Topic: Media Research Center
The Media Research Center's Nicholas Fondacaro -- like the Fox News stan he is -- used a Dec. 20 post to frame a very friendly, softball interview Fox News anchor did with a fellow Fox News host as him "expertly defus[ing]" CNN's criticism of Fox News:
After filling in on Fox News Sunday following former anchor Chris Wallace’s exit from the show last week, Fox News Channel anchor Bret Baier appeared on the network’s MediaBuzz with anchor Howard Kurtz and took down CNN and their “just silly” criticism against their network that was designed to generate “clicks” and play for ratings.
Their prerecorded discussion began with Kurtz drawing attention to recent incendiary comments from CNN’s “Don lemon saying that Fox News should be kicked out of, barred from the White House briefing room because he doesn't like Fox.”
Baier rebuked Lemon’s attack as “just silly” and “just an effort to get clicks or eyeballs.” He then reminded viewers of how Fox had stuck up for CNN and their reporters to be members of the White House press pool during the Trump presidency:Listen, we're a news organization that has been part of the White House pool really since the beginning, and we've been advocates of fighting for other journalists there including CNN. You mentioned Jim Acosta where we stood up as well as Kaitlan Collins who was going to be kicked out of a gaggle, and I tweeted out, we put out a statement supporting [her].
“So, listen, I think this is all about semantics and trying to get attention. But they know that we're working hard to do journalism every day,” he added.
From there, Kurtz asked his guest about the “fiction that gets perpetrated” by CNN and liberal media that “there isn't a real news division here, that you and your Special Report team and all the journalists and reporters and hosts and anchors and producers somehow don't count[.]”
Again dismissing the narrative as “silly,” Baier recalled that the criticism “goes in iterations in which the focus is all on the opinion folks who do do opinion and they stir the pot and sometimes they're very controversial, but we have a news operation that's breaking news every day.”
Funny, we thought Fondacaro and the rest of the MRC hated softball interviews.
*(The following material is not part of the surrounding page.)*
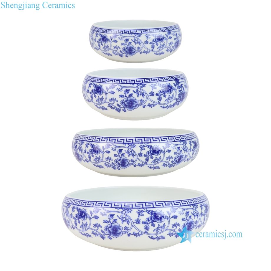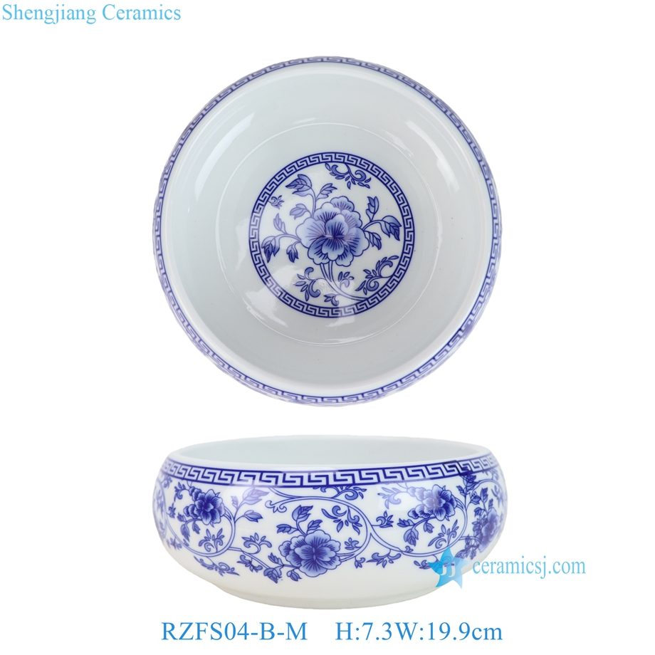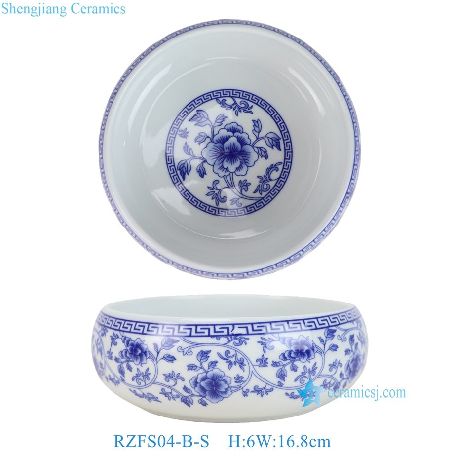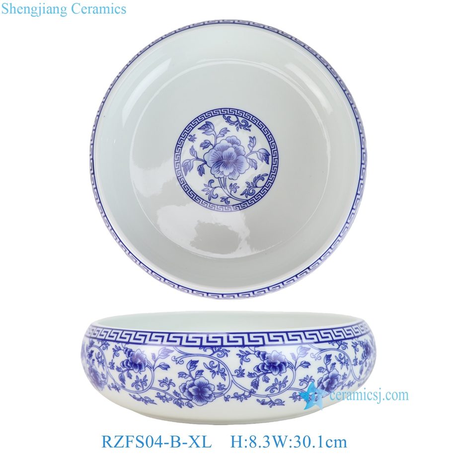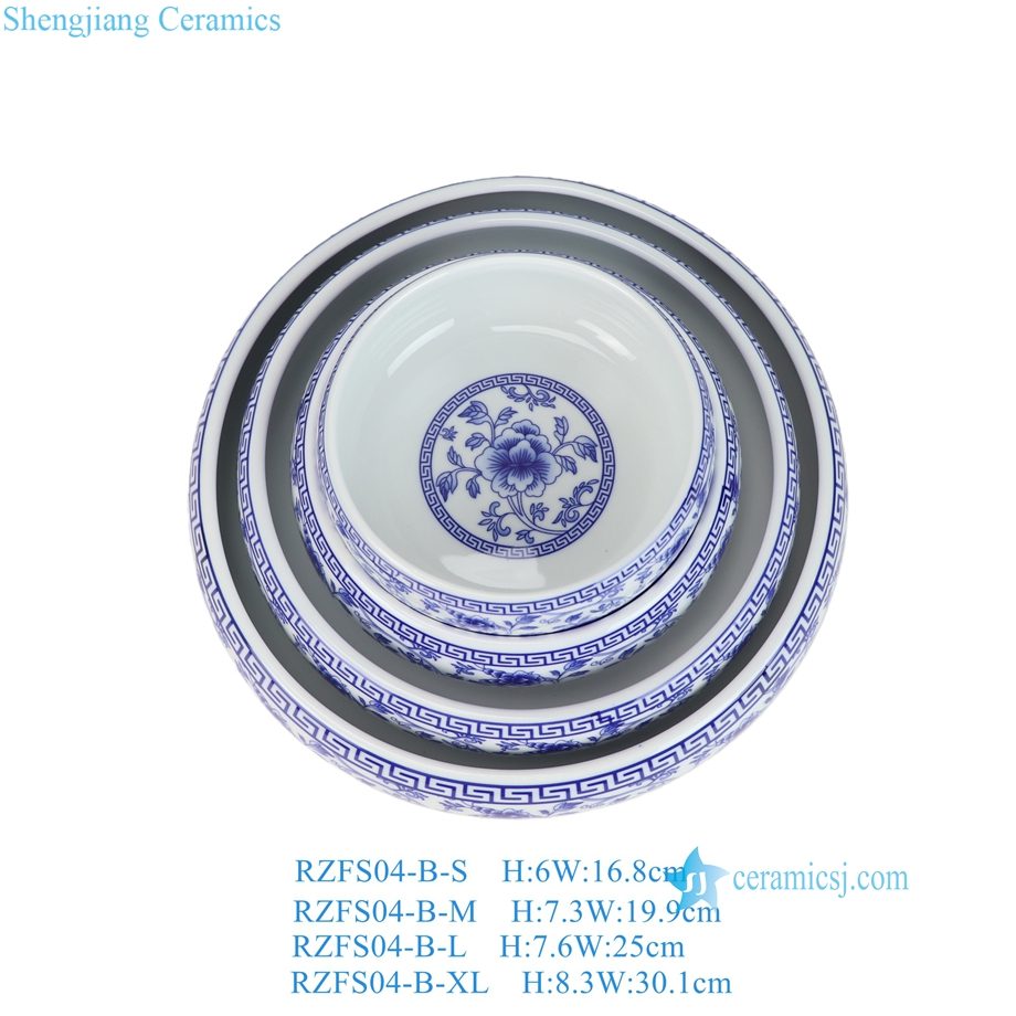 RZFS04-A-XL-L-M-S Vintage Blue and White Twisted Flower Pattern Ceramic Asian Bowls Chinese Rice Candy Fish Bowls

He also didn't mention the one thing that discredits Baier as a fair-and-balanced news anchor: his infamous fake-news story before the 2016 election about Hillary Clinton's purportedly imminent indictment -- a story the MRC enthusiastically promoted but never told readers that it had been retracted.
Like a good Fox News fanboy, Fondacaro waited until the 11th paragraph of his piece to mention the much more newsworthy part of the interview: Baier laboring to put distance between him and the aggressively right-wing Fox News hosts who had a direct line to the White House, including during the Jan. 6 Capitol insurrection. And even then, Fondacaro soft-pedaled the controversy, meekly referencing "the recent revelation that a few members of the network’s primetime line up had messaged former White House chief-of-staff Mark Meadows on January 6." And even then, Fondacaro censored the full quote of what Baier said about the situation, as a more fair and balanced outlet more accurately reported:
Amid shockwaves over Chris Wallace’s departure to CNN, Baier on Sunday tried to distance his show from fellow Fox host Tucker Carlson, who regularly peddles pro-Trump talking points and misinformation in service of the ex-president.
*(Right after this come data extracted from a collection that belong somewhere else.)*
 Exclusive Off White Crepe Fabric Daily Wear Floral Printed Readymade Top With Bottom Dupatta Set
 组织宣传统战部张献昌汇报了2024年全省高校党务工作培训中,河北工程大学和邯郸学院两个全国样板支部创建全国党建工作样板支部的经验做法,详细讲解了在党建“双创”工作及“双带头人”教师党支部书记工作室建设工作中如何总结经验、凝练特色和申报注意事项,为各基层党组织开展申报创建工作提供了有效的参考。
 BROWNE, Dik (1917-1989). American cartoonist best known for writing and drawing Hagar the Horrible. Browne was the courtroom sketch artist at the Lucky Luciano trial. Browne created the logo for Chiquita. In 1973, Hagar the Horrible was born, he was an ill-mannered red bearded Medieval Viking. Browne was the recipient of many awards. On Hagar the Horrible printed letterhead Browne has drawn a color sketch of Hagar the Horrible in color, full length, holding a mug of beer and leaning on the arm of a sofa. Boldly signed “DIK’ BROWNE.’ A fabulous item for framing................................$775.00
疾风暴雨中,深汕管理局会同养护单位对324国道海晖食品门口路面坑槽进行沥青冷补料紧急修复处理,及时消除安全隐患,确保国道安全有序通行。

“I tell people that the biggest, the loudest critics of Fox are not ones who watch Fox and see the difference between ‘Special Report’ and Sean Hannity and Tucker Carlson,” Baier said during an appearance on Fox’s “Media Buzz” program. “I mean, anybody who watches sees the difference.”
Baier also made sure to argue that Wallace’s startling exit from Fox doesn’t further dilute the network’s credibility as a legit news source.
“He’s doing something different, but that does not mean that we don’t have really accomplished journalists who are breaking stories and who can cover things fairly,” the “Special Report” anchor said.
Fondacaro didn't explain why he didn't fully quote Baier. Perhaps there's an MRC rule that nobody is allowed to criticize Tucker Carlson. Besides, that's less expert defusing more desperate distancing, and Fondacaro is never going to admit any fault with Fox News.